Saturday, September 28, 2013

An Analysis on Banyan Tree Holdings

Banyan Tree is listed on Singapore Exchange on 14 June 2006

Financial Data

Year       Eps                Rev                   Net Margin %          Div payout
2013       2.8 -3c (est)                                                                0.651c
2012       1.96c            338.416 mil          4.53%
2011       0.20c            329.492 mil          0.90%                        0.5c
2010       2.10c            305.300 mil          5.00%         
2009       0.40c            313.300 mil          1.00%                      
2008       0.90c            412.600 mil          2.00%                        2.0c
2007       10.8c            421.900 mil          1.90%                        1.78c
2006       3.90c            335.300 mil          8.00%                                      

Average   2.90c                                      5.78%

Other Data (as at 30 Jun 2013)

Debt
      Current  : 156.999 mil
      L.Term  : 234.814 mil
      Total     : 391.813 mil
 
Cash Bal : 131.177 mil

Bonds Issued:  70 mil @ 5.75%  due 31/7/2018
                          70 mil @ 5.5%    due 14/3/2014
                          50 mil @ 6.25%  due 30/5/2017

Shares issued : 760,912,080
Treasury : 490,200

NAV : $0.76

Business Model

A hospitality company that manages spas & hotels.
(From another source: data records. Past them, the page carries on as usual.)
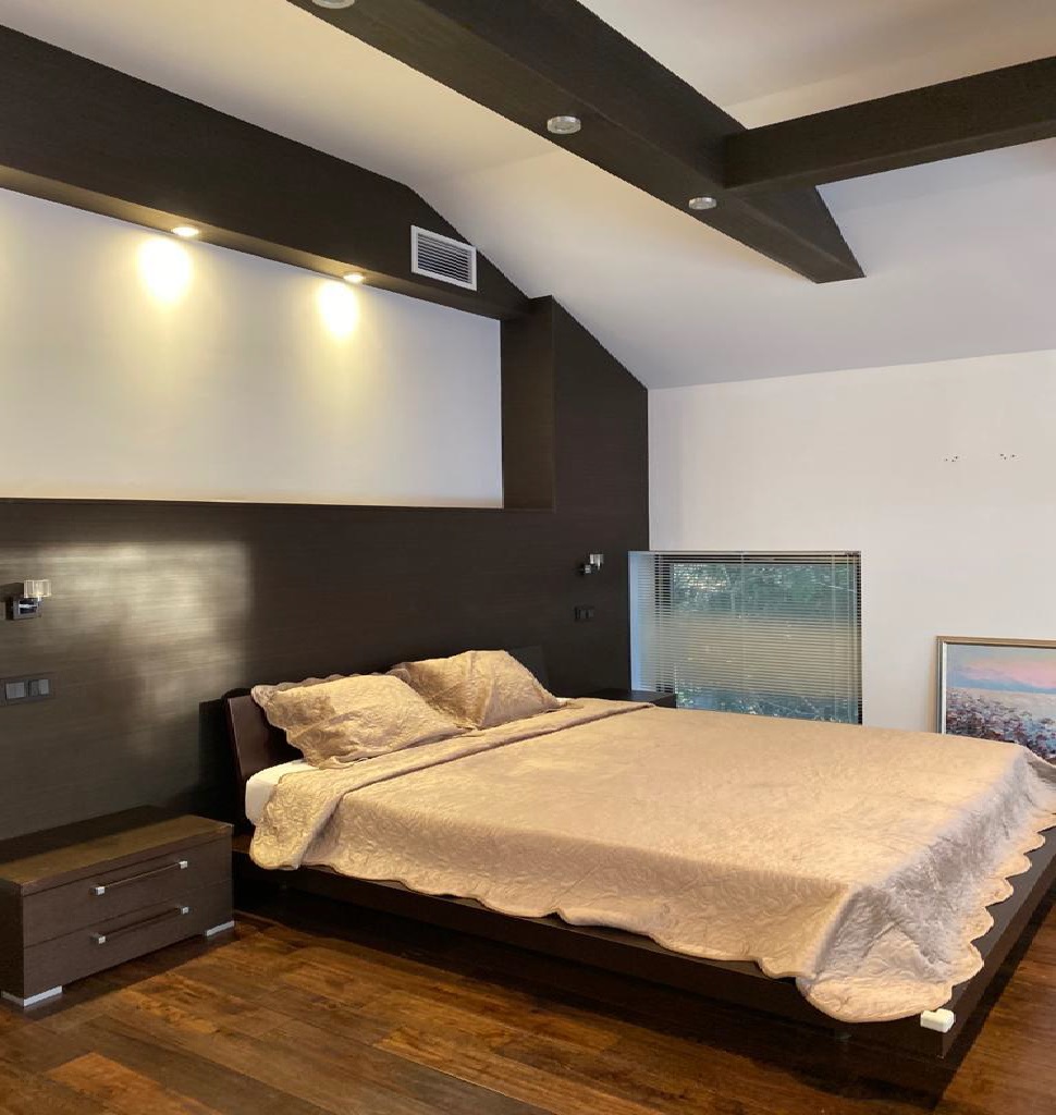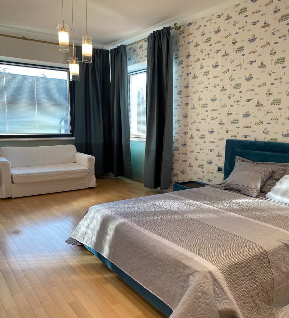 Предлагается к продаже просторный коттедж с панорамным остеклением, расположенный в КП Бенилюкс, Новая Рига. Отделка фасада выполнена из натурального камня. Функциональная планировка 5 спальных комнат со своими санузлами и гардеробными, просторная гостиная 50 м2 с камином и с красивым видом на парк и лес. 1 этаж холл, кухня, столовая, гостиная с камином, су, игровая комната, тренажерный зал; сауна с бочкой; 2 этаж хозяйская спальня с ванной комнатой и гардеробной, 2 детские спальни со своими ванными и гардеробными комнатами, гостевая комната со своей гостиной, гардеробной, и ванной комнатой. Гараждом для персонала 164 м2 кухня-гостиная, спальня, ванная; котельная, гараж 4 ам. Подвал с системой хранения. Отдельное строение- крытая теплая беседка с камином-барбекю. Великолепный участок с ландшафтным дизайном.
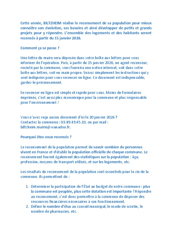Le recensement s'effectuera à partir du 15 janvier 2026. Veuillez prendre connaissance du courrier joint.
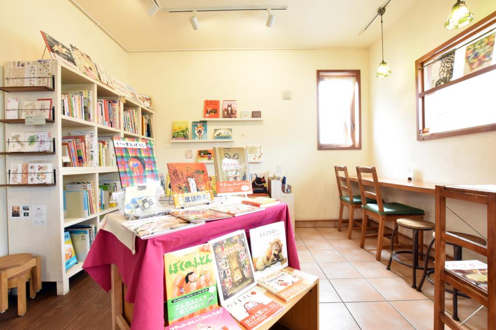 可愛らしいお店には素材にこだわったパンと、ずらりと並んだ絵本☆
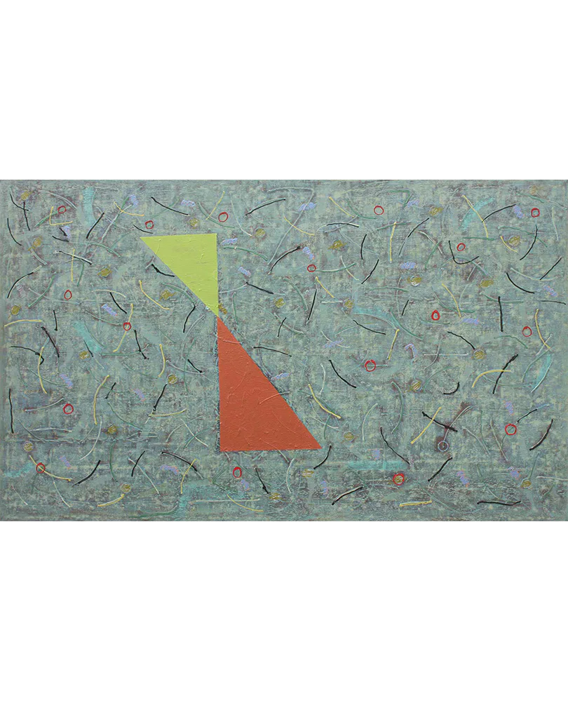 Born in 1958 in New Delhi, Harsha did his M.Sc. in Bio Science from The Birla Institute of Technology & Sciences, Pilani in 1980 and diploma in Business Management. He is a self taught artist and held his solo exhibitions at Singapore; Chennai; Mumbai and thrice in New Delhi. Harsha Vardhana creates abstract geometrical forms, inverted triangular structures are constructed within carefully demarcated areas of colour, which violently cut into one another – some blend in while others create obvious scars, bringing a distinctive character to piece. Harsha’s clusters of triangles and linear codes can evoke both classic and finely crackled and roughly modeled, plateau-like surfaces that present a characteristic combination of the past and present. He has also participated in several group shows across India and abroad including First Biennale of Contemporary Art, Romania in 2005; Indian artist for France, New Delhi Young contemporary artists, New Delhi in 2004; 2D / 3D, Hong Kong Visual Arts Centre, Hong Kong in 2003; Chennai and Mumbai in 2002; New Delhi in 2001; Post Modern Indian Art, USA in 1997; Bharat Bhawan Biennial of Contemporary Indian Art, Bhopal in 1996.
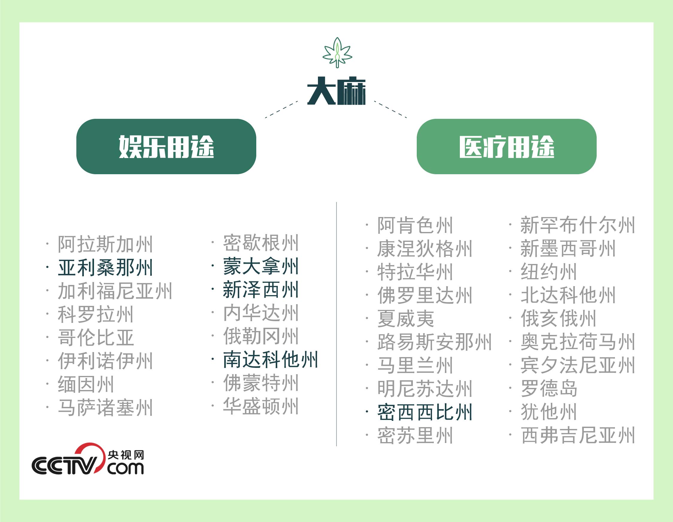 大麻的医疗用途和娱乐用途的合法性因国家而异。据统计,截至2020年11月12日,美国共有15个州(外加华盛顿哥伦比亚特区)将少量大麻合法用于娱乐,20个州仅将其合法用于医疗。
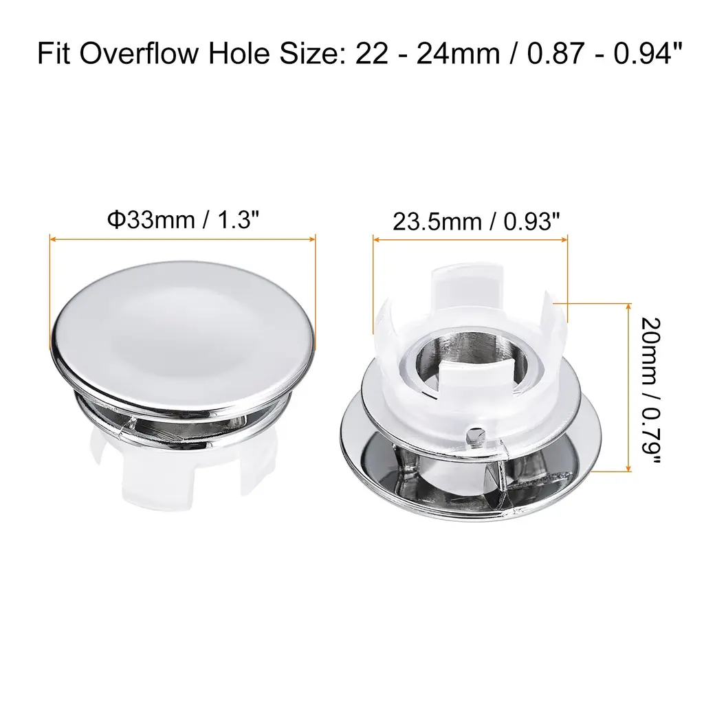 Description:Made of ABS plastic material that is sturdy and durable, has good wear and corrosion resistance. With an electroplate finish that ensures surface gloss and brightness, can be used for a long time without fading.The sink trim overflow covers look stylish and modern, can decorate the overflow hole but not clog it, and makes your sink look cleaner and tidy. Not easily fall off after installation and won't scratch the surface of the sink.Installation is quick and easy, before installing, measure the hole size, then simply push and snap into desired position. The installation can be finished in a few minutes, no tools are required.The sink overflow rings are widely used in most types of wash basins, suitable for bathtubs, homes, gardens, kitchens, bathrooms, shopping malls, hotels, factories, etc.Specification:Material: ABSFit Overflow Hole Size: 22 - 24mm/0.87 - 0.94inchHole Dia.: 23.5mm/0.93inchTotal Size: 33 x 20mm/1.3 x 0.79inch(D*H)Package Content:4pcs x Sink Trim Overflow Cover
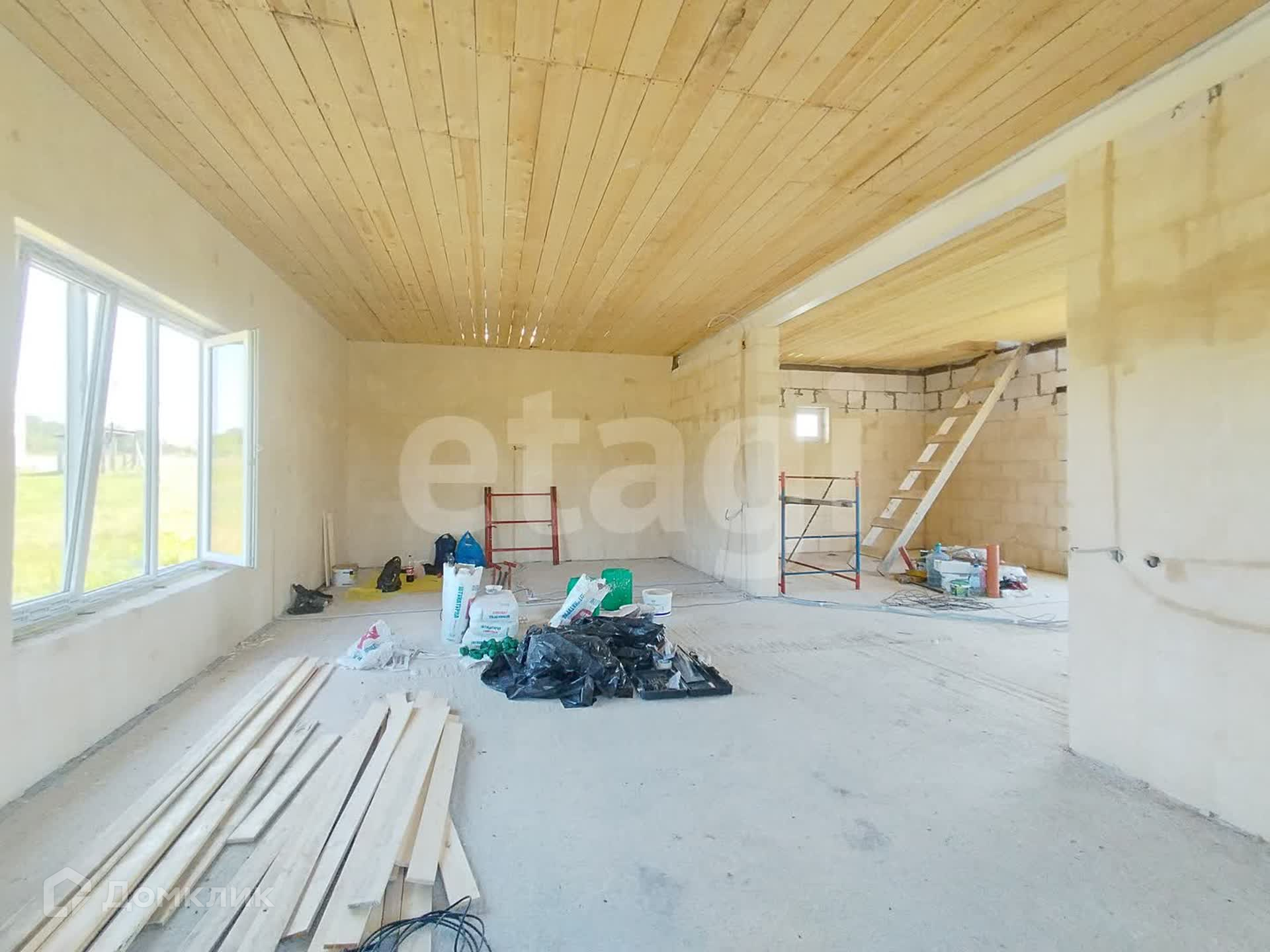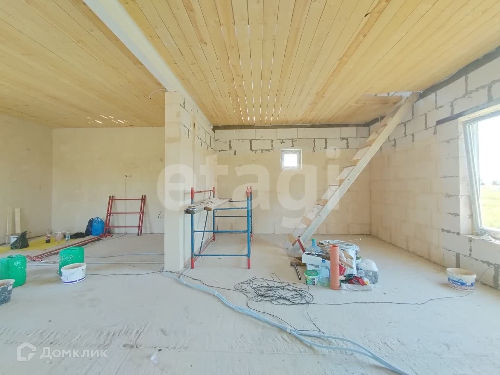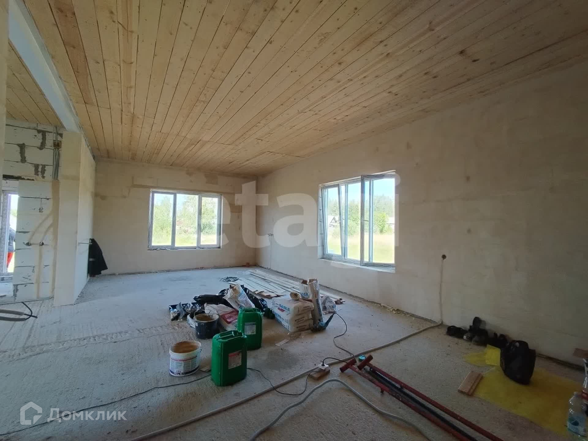 На данный момент дом находится на стадии внутренней отделки. Стены оштукатурены. Проведена проводка. Залита стяжка под теплый пол. К моменту продажи полы будут сделаны полностью. Стены будут подготовлены под покраску или обои. Это уже по вашему желанию. Второй этаж будет утеплен. Останется только обшить.
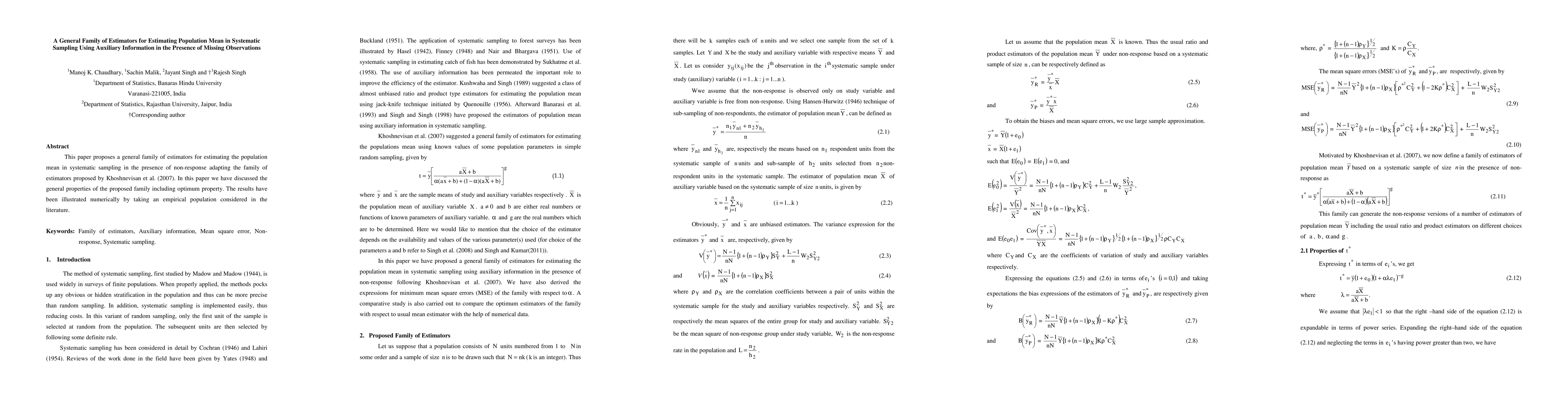 This paper proposes a new family of estimators for estimating population mean in systematic sampling, incorporating auxiliary information to handle missing observations. The study discusses the general properties and optimum characteristics of the proposed estimators, validated through numerical analysis using an empirical population.

It has 7 areas of business segment namely:
  • Hotel investment
  • Hotel management
  • Spa operations
  • Gallery operations
  • Hotel residences
  • Property sales
  • Design and related services
Opinion

Looking at the past data of this company generally tell us that it has very thin margins and their dividends payout are not systematic. The company have taken on bonds issuing to shore up their cash flow and looking at their debt level, probably they need to look at bank overdraft or refinance.

Conclusion

It is great to invest into their bonds as they are paying higher payouts. If you are considering from the point of investing into their ordinary shares, we need to consider the risk of no dividends payout. Thus a margin of safety have to be considered. As of 27 Sept 2013, the share is trading at 68c. The 52 weeks high and low is 52c and 80c respectively. At its current share price, it now has a 10.5% discount to its NAV.

My conclusion is for a trading buy below 65c and to sell around 78c.


DISCLAIMER The ideas expressed in this blog should not be used to buy or sell the securities, commodities or assets mentioned. The accuracy or completeness of the information provided cannot be guaranteed. Readers should carry out independent verification of information provided. No warranty whatsoever is given and no liability whatsoever is accepted for any loss howsoever arising whether directly or indirectly as a result of actions taken based on ideas and information found in this blog.